Published 09 April 2012
  1. Gravel Snowmen  This fun game can be played all year round. Brighten up any porch with your handcrafted Gravel Men, Women and Children, which you can accessorise with hats, gloves and bits of tinfoil. Gravel is much harder to work with than snow, but that’s what makes it all the more rewarding. If you do not personally own any gravel, why not take some from your neighbour, the local park or a Crematorium rockery? After all, gravel shared is gravel halved!
  1. Newsnight Drinking Game Self-explanatory. The usual rules apply: drink whenever Paxman scoffs at the soul of another human being, and whenever you hear ‘just answer the question minister!’, but you can make it more exciting by drinking every time an interviewee looks likes they’ve managed to stop themselves before saying something racist, and when you can see the space between Paxman’s socks and trousers.
  1. iPhone sunglasses Two iPhones.
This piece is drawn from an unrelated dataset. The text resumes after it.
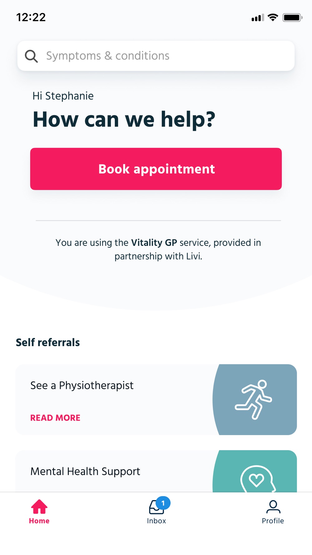 Our Vitality GP app is a fast, simple feature of your health plan. In a few taps, it lets you set up private GP video or telephone consultations.

Two eyes. Some sellotape. (Take a picture of each eye to have on the screens so it looks like you can still see. You can’t see). You’ll be on the screaming edge of cool.
  1. Doris Day Day Curl up in a pointy bra and watch all the classics – Calamity Jane, Tea for Two, and the other one she did with the goat.
  1. Pluck out all of your eyebrow hairs one by one and then carefully stick each individual hair back – on the wrong eyebrow. Alas, I cannot play this as I have one long blonde monobrow. But others assure me it’s a wheeze.
  1. It’s Michael Gove! Have you ever wanted to punch Michael Gove full in the face? Well now you can! All you need is your fist, a member of the public and the unyielding belief that they are Michael Gove.
  1. Brontastic Relive the classic stories of the Brontë sisters. Spend the day crying in a Yorkshire accent, staring into middle distance and wandering around your back garden drunk. Whenever you meet anyone (say, the postman or your hairdresser) clasp their hands in yours and whisper ‘I know now we cannot meet again, for your love is poisoning my soul and every waking moment is an arrow in my cold heart’.
  1. Paint My Painting. Do you have a painting on your wall you reckon needs sprucing up? Add a couple of coats of Dulux and transform a classic. If you have a Picasso, you can repaint the eyes on the right side of the face.
  1. Radiator Fun. Doing some baking?  Oven seems too conventional?  Simply hold the cake mix against the radiator until it is cooked for that delicious, slightly metallic taste.  
  1. Zoo Race. Have a race with the animals in the zoo. Most of them will not be able to go beyond the five-metre perimeter of their enclosure for fear of electrocution. A great game to prove why HUMANITY WINS AGAIN.